### THE DATA ###

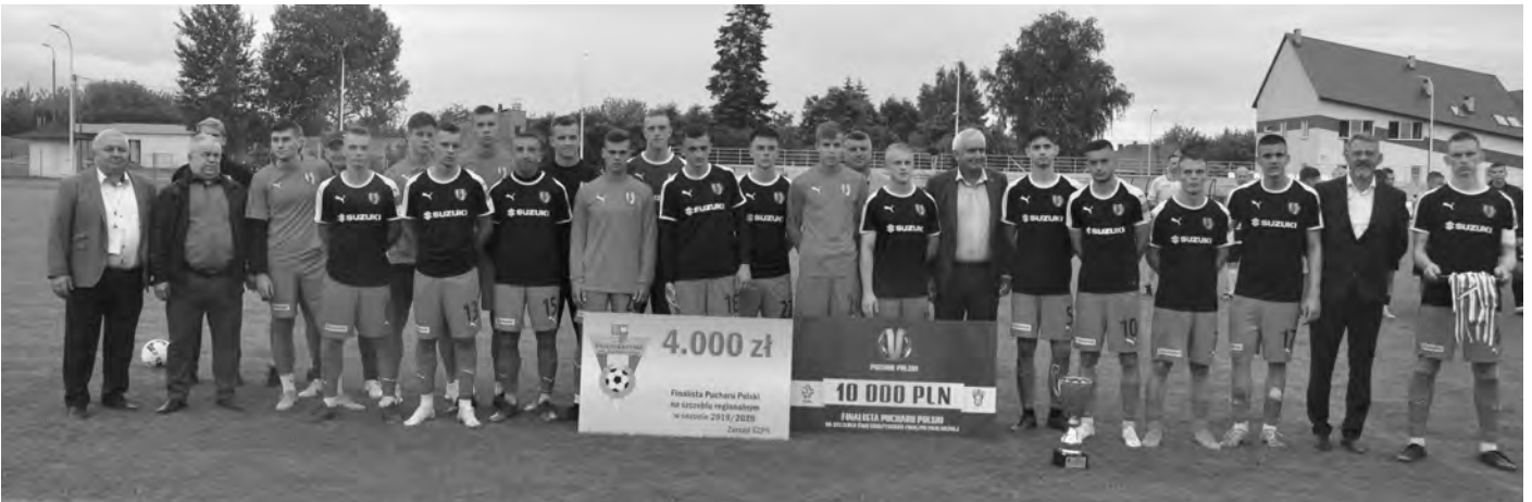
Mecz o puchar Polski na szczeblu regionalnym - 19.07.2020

###
### THE DATA ###

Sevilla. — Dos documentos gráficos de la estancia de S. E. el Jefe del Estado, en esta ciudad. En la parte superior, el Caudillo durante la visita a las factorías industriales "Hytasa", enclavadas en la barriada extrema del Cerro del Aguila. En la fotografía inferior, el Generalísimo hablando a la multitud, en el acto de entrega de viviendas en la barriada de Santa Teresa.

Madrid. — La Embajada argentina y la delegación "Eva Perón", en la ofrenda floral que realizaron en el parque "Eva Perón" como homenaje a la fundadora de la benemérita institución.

###

Starting at the line with "Sevilla. — Dos" and ending at the line with "Madrid. — La", print each line of the listing above exactly, with no other lines.

Sevilla. — Dos documentos gráficos de la estancia de S. E. el Jefe del Estado, en esta ciudad. En la parte superior, el Caudillo durante la visita a las factorías industriales "Hytasa", enclavadas en la barriada extrema del Cerro del Aguila. En la fotografía inferior, el Generalísimo hablando a la multitud, en el acto de entrega de viviendas en la barriada de Santa Teresa.

Madrid. — La Embajada argentina y la delegación "Eva Perón", en la ofrenda floral que realizaron en el parque "Eva Perón" como homenaje a la fundadora de la benemérita institución.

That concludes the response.